Keine Krise bei Baubewilligungen

In Krisenzeiten an eine gesicherte Zukunft denken: Da zählen die eigenen vier Wände mehr denn je, das weiß auch Lilia aus Dornbirn. VN/Steurer
Fürs vergangene Jahr zeichnet sich in Vorarlberg ein überraschend hoher Wert ab.
SCHWARZACH Bauexperte Wolfgang Amann hat recht behalten: Coronabedingt gab es in den ersten beiden Quartalen des Vorjahres nur sehr wenige Baubewilligungen in Vorarlberg. Amann führte das im Gespräch mit den VN darauf zurück, dass aufgrund der Beschränkungen zahlreiche Verfahren ausgefallen sind.

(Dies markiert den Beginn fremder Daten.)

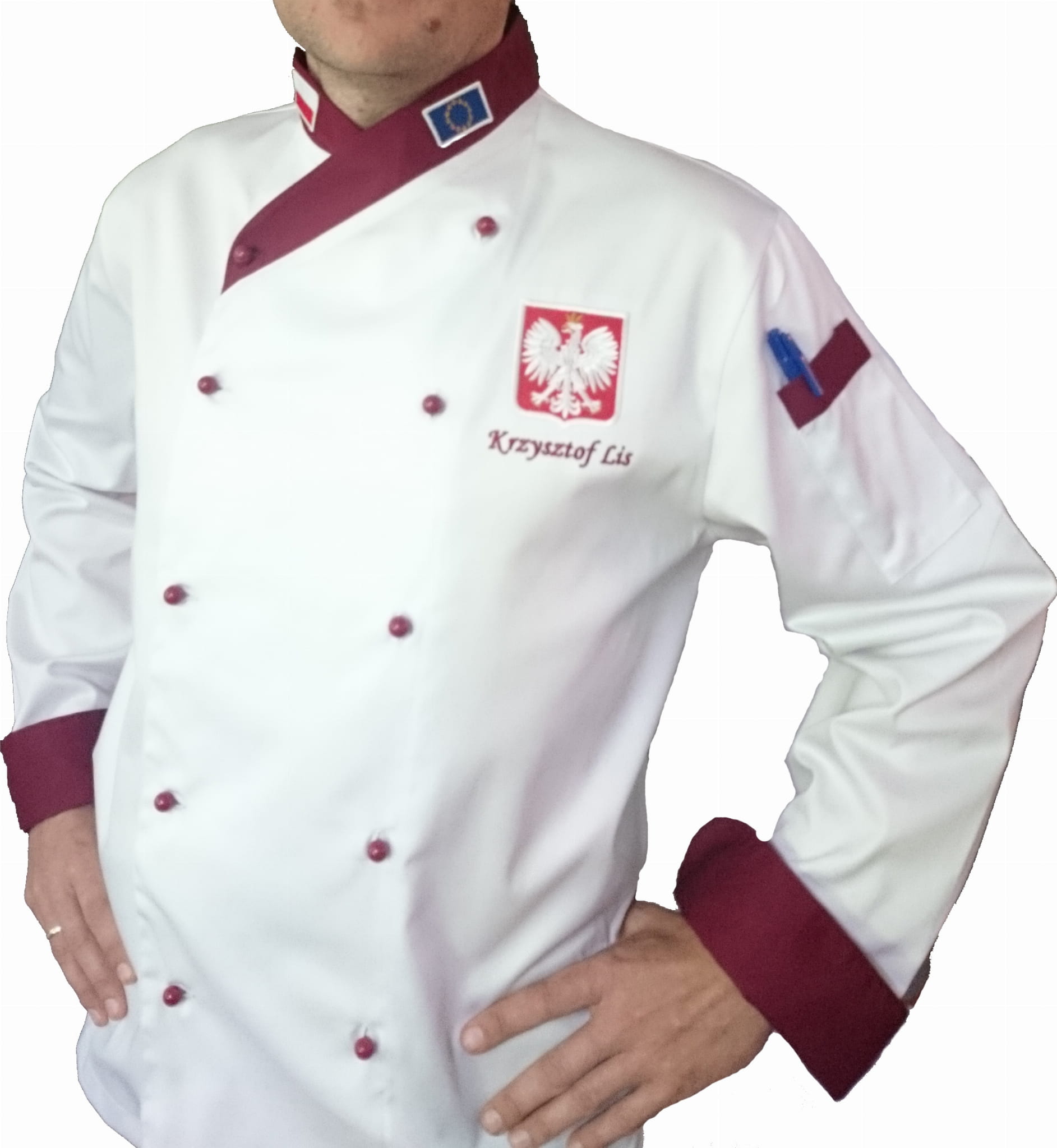 w kolorze białym, z mankietami, stójką i guzikami w czarnym kolorze oraz kieszonką na lewym rękawie.

Viele würden jedoch bei erstbester Gelegenheit nachgeholt werden, zeigte er sich damals überzeugt. Daten für das dritte Quartal, welche die Statistik Austria nun veröffentlicht hat, bestätigen dies: Von Anfang Juli bis Ende September, als die Freiheiten groß waren, gab es mit 1064 Baubewilligungen außergewöhnlich viele in Vorarlberg.
„Im großvolumigen Bereich läuft der geförderte Wohnbau ganz gut.“
Wolfgang Amann
Wohnbauexperte
Von 2015 bis 2019 waren es im Vergleichszeitraum durchschnittlich nur 820 gewesen. Damit wurden die Rückgänge der ersten beiden Quartale 2020 nicht nur wettgemacht; von Jänner bis Ende September gab es mit insgesamt 2663 Bewilligungen sogar mehr als in den meisten Jahren davor.

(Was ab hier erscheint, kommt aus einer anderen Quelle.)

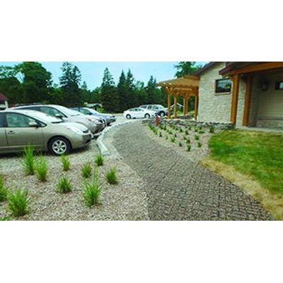 The herringbone cell pattern within the GEOPAVE units offers an aesthetic appeal. Create visual delineation with multiple colored stone to establish walk areas and barrier-free parking stalls. - High Stormwater Infiltration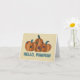 Det här söta hälsningskortet är perfekt för att skicka höst eller hälsning. Den visar tre lappverkspumpor och sloganen "HEJ, PUMPKIN" på framsidan. Insidan av detta kort är tom så att du kan skriva ditt eget meddelande.

Daten für das vierte Quartal werden erst im April vorliegen. „Es sieht jedoch ganz danach aus, als ob insgesamt das Jahr 2019 egalisiert wird“, meint Wolfgang Amann: „Wir rechnen mit zirka 3700 Bewilligungen.“ Mehr seien es in der jüngeren Geschichte nur 2017 gewesen. Damals handelte es sich um 4005.

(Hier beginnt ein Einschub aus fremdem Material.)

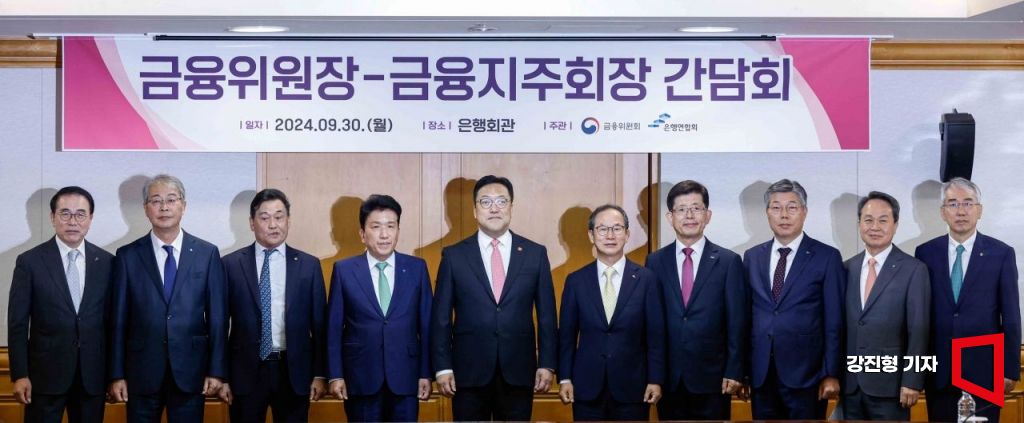 김병환(왼쪽 다섯 번째) 금융위원회 위원장이 30일 서울 중구 은행회관에서 열린 '금융지주회장 간담회'에 참석한 금융지주회장들과 사진촬영 하고 있다.

Der Großteil der Bewilligungen entfällt auf Neubauten. Gezählt und ausgewiesen werden Wohnungen. Knapp ein Drittel ist in Häusern mit ein bis zwei Wohnungen vorgesehen, rund zwei Drittel in Gebäuden mit mehr Einheiten.
Doch wie ist die Entwicklung mitten in der größten Wirtschaftskrise seit Jahrzehnten erklärbar? „Ich teile Ihre Vermutung“, antwortet Amann, der das Institut für Immobilien, Bauen und Wohnen in Wien leitet: „Flucht ins Betongold.“ Bemerkenswert sei, dass sich die Eigenheime besonders gut entwickeln. Hier würden die Bewilligungen sogar um 17 Prozent über dem Zehn-Jahres-Durchschnitt liegen: „Im großvolumigen Bereich läuft der geförderte Wohnbau ganz gut.“
Während viele Menschen in der Krise zu finanziellen Problemen gekommen sind, haben andere Geld übrig: Die Nationalbank stellt für ganz Österreich fest, dass so viel gespart wird, wie schon lange nicht. Wieder andere investieren und nehmen dafür durchaus auch einen Kredit auf: Laut Nationalbank sind in den ersten neun Monaten des vergangenen Jahres vom Boden- bis zum Neusiedlersee neue Wohnbaukredite über insgesamt 17,2 Milliarden Euro aufgenommen worden. Das seien um fast zweieinhalb Milliarden Euro mehr gewesen als im Vergleichszeitraum 2019.